Afterward, Elvis gave Billy a copy of the will and invited him to read it, but Billy put it away without reading it. A couple of nights later, Billy later recalled, Elvis got the will out and showed him one section on one page—a section on who got what. Billy did not remember the substance well. Two or three people would get $50,000; Grandma and five or six guys were mentioned; cars would go to some people like Aunt Delta.
Some people who were left out of Elvis’s will as filed in the county courthouse claimed that he had handwritten another will in which everyone was taken care of, as he had repeatedly promised. Some speculated that Vernon persuaded Elvis to make a new will, then dictated the contents to the lawyer himself, and Elvis signed the document without reading it. The substance of the will filed in the Shelby County Probate Court in Memphis after Elvis’s death could not have suited Vernon more perfectly, but no copy of the handwritten will has ever been discovered, and no clear and consistent memory of its contents has surfaced.

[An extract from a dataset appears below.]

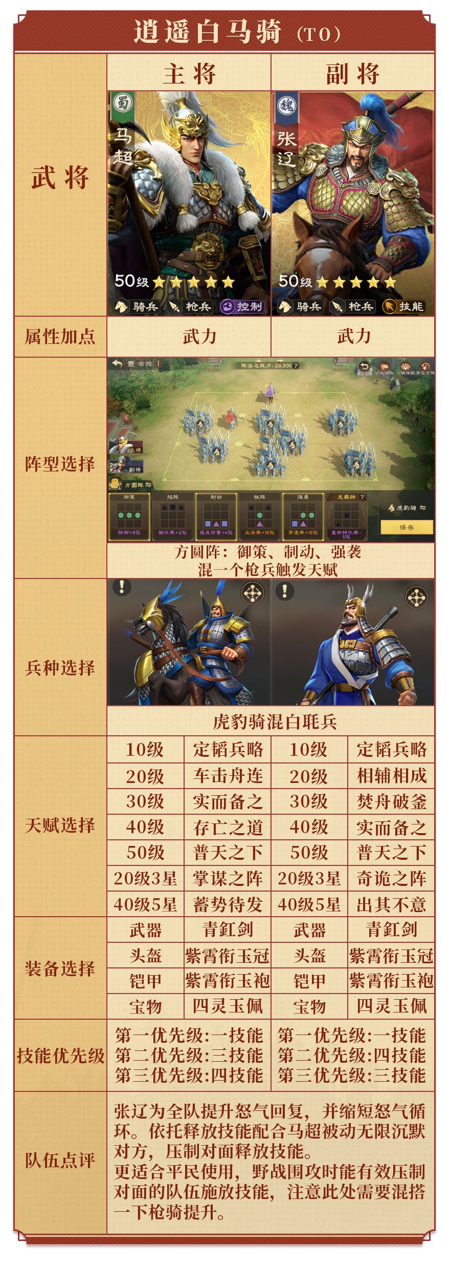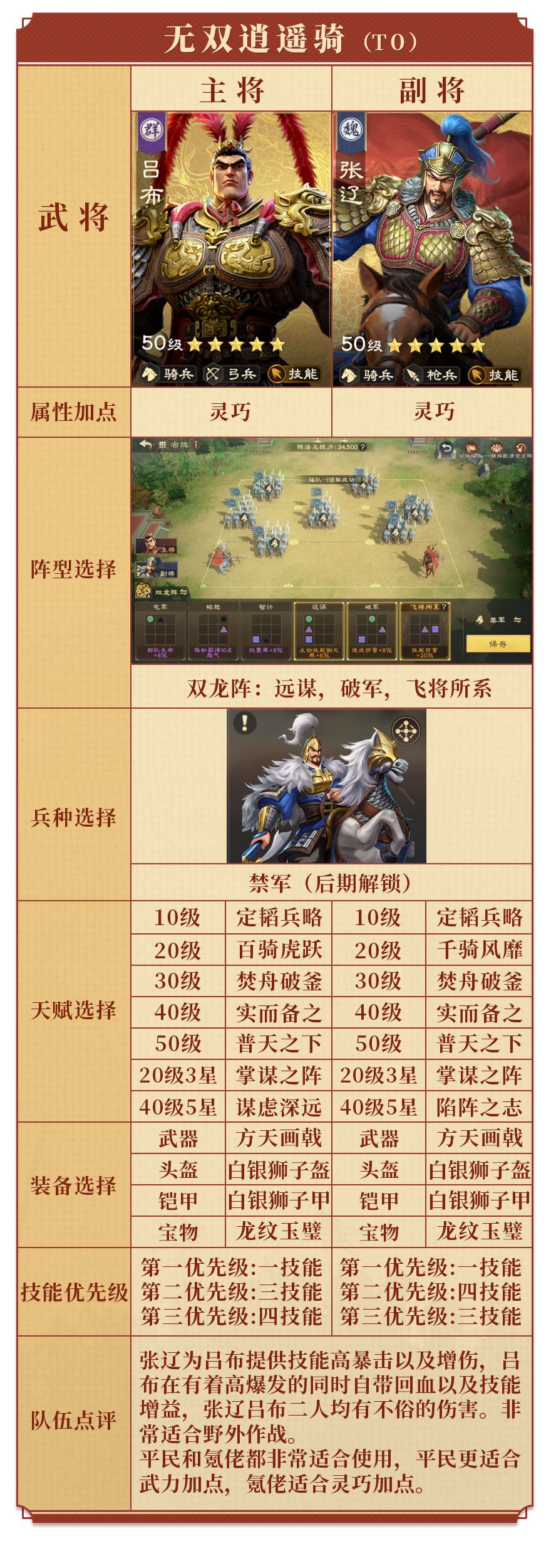 率领枪兵和骑兵时防御将会提升,因此张辽适合搭配枪兵和骑兵,需要搭配其他适配骑兵和枪兵的队伍。

Elvis’s will as duly filed provided that his entire estate, divided into equal parts, would go to his “lawful” children. Lisa Marie was a lawful child. Each child would receive his or her inheritance when he or she reached the age of twenty-five. Vernon would be the administrator and also one of three trustees, along with Elvis’s accountant and a person named by his bank. Vernon himself would be supported out of the estate during his lifetime, and he was explicitly directed to take care of Minnie Mae for the rest of her life. Neither of them could be expected to tax the estate heavily. Vernon was in ill health (and would die in 1979); Minnie Mae was in her eighties (and would die in 1980). Vernon was to help other relatives only in the face of dire necessity. With Vernon in charge of the estate, that necessity would have to be dire indeed. Any of Elvis’s relatives in need of funds would do better begging with tin cups on the sidewalks of downtown Memphis.